After a lot of chatting with other parents I have come to see that it was my own issues making me worry about him being spoiled. Sure, too many toys IS an issue and can cause issues but my son cried because he cared about his sister. He confessed to her because he hurt for her. Of course I have created this expectation in my kids that Christmas be big, just as my Mom did for me. We had some great waldorf inspired homeschooling years so long ago with small Christmas celebrated in different ways but as of late we are for sure a standard American family with big Christmas. I feel like I need to scale it down and was so inspired by friends posting their “Santa has come” photos the Christmas Eve. So many had a less is more philosophy. I hope to help guide my family in that direction too. For now though I know one thing, I have a son that deeply cares about his family and worried about his sister. The 13 gifts part was not him being spoiled. He isn’t fruit. Your children are not fruit!

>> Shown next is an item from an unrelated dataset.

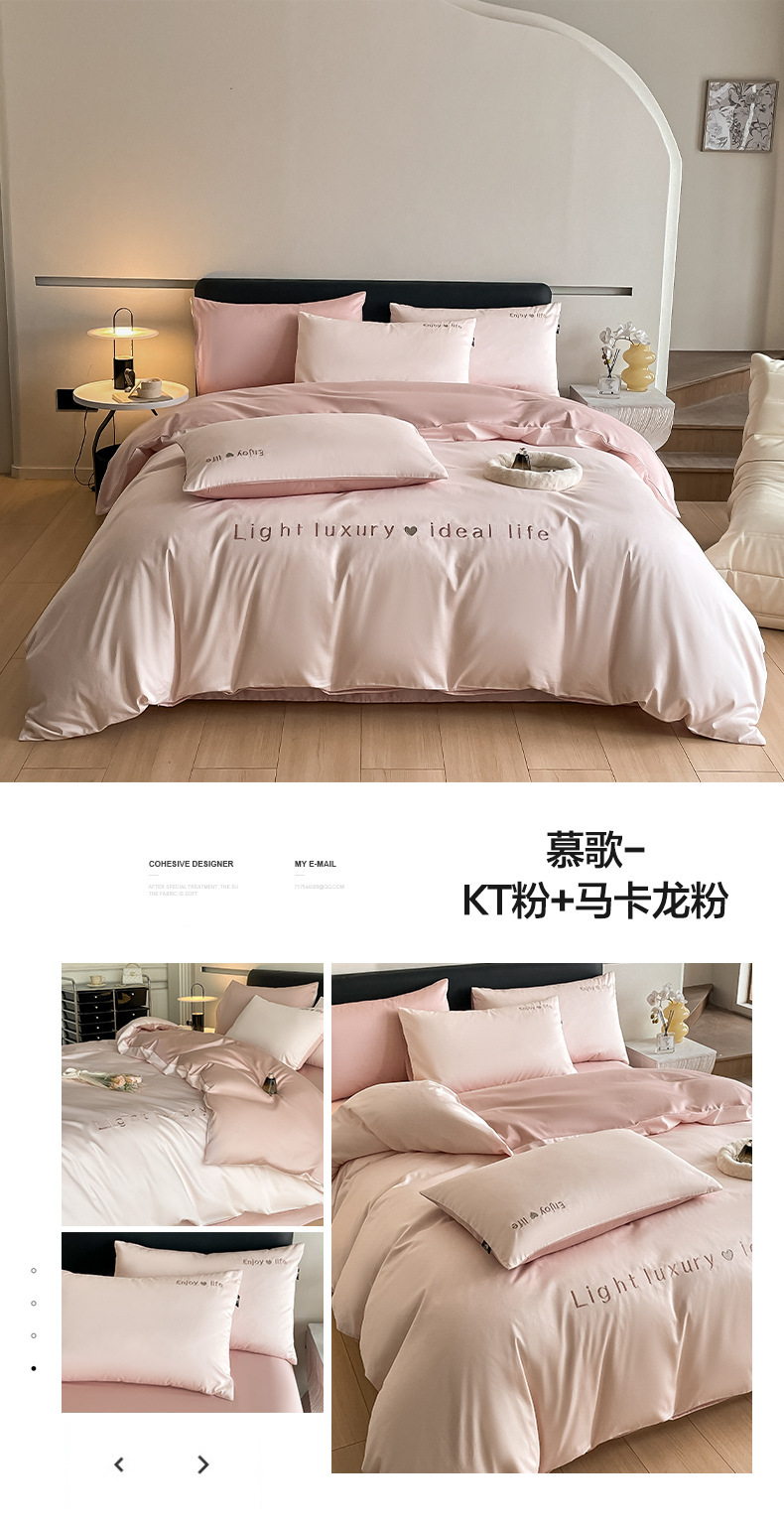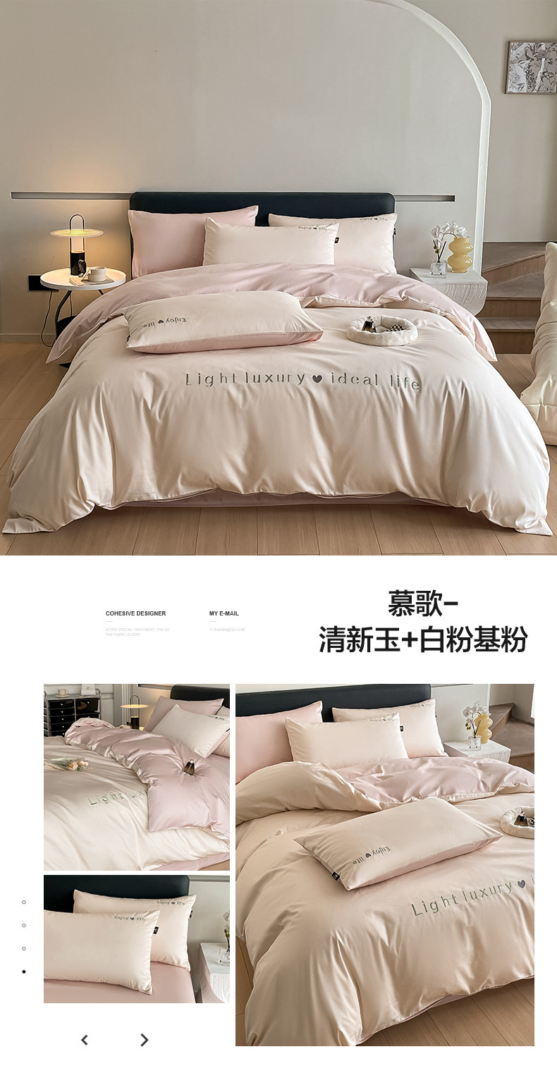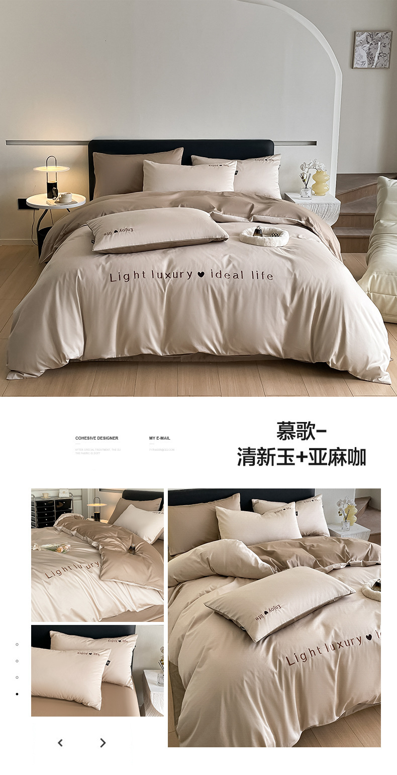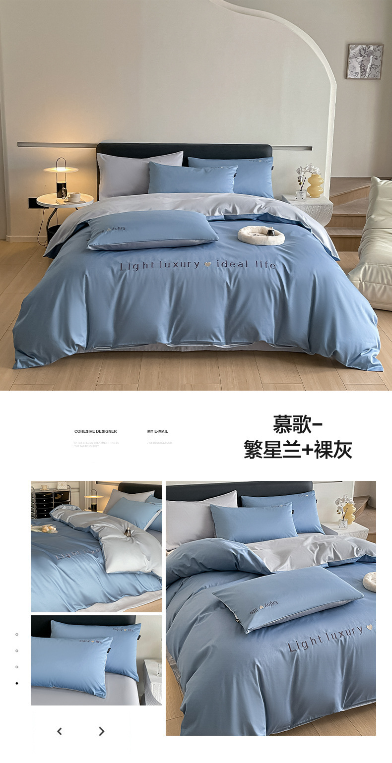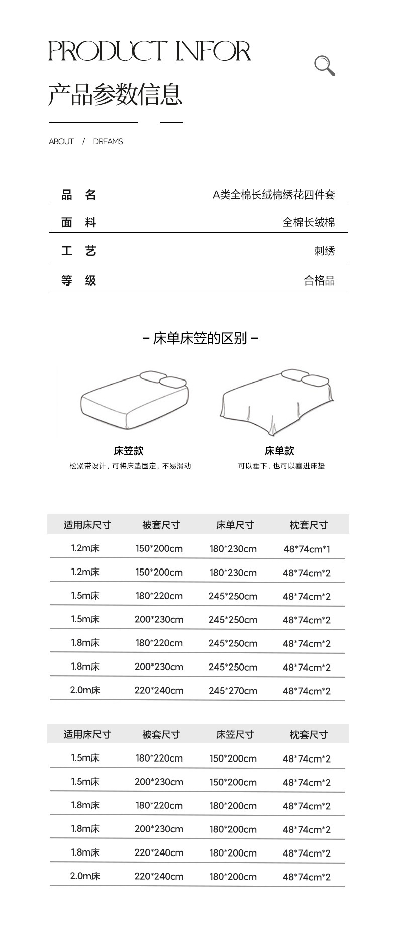 【高支高密】A类母婴级120支长绒棉贡缎四件套高级感纯棉刺绣款床单床笠

Come Christmas morning all the kids were wonderful and had such a wonderful time! Here is a peek with one of the 5 little ones here! Yes, more than 13 gifts but the number isn’t important. Time to help all the kids change their mindset a bit!

Christmas morning - Too many gifts? Science shows less toys is better for kids.

   Raising kids with Gratitude

The underlying worry behind parents wondering if they are raising “spoiled kids” and the ones wasn’t identifying till someone asked me the right questions is if their child has genuine gratitude and in this case I knew the concern but I also knew the answer. Yes, he is very grateful. He has turned into a peace keeper and leader and he likes things to be even and fair and have everyone happy. His near for fairness (knowing years past with large Christmas gifting) he felt that the small box we had given to help wrap for his oldest sister couldn’t be “all” but he didn’t want to ask me and sound ungrateful. He want to his older sister who he knows to be wiser to talk about it. He reassuring him that her wish list was being taken care of and she got what she wanted and he didn’t need to worry. He didn’t have a bad attitude, he was sad for her and worried. He didn’t need to be but sometimes he tries to protect people, even me, and work things out another way. In anycase, it did work out. Now though I need to help the whole family size down. See the boxes in the photos above? Those are IN our dining room, still not unpacked from the move! This is a little house and finding places has been so hard. Granted most of that is craft items and we don’t have a craft room. The gifts were mostly all things the kids could fit in their rooms without issue! They did a great job down sizing before the move! That was another reason I went overboard with gifts, the kids really gave up some loved things in this move and it was really a hard one. That though is MY issue, and I need to work on that. I don’t think we will ever be minimalists but I feel like I am drifting from our crunchy roots more and more. Wish me luck?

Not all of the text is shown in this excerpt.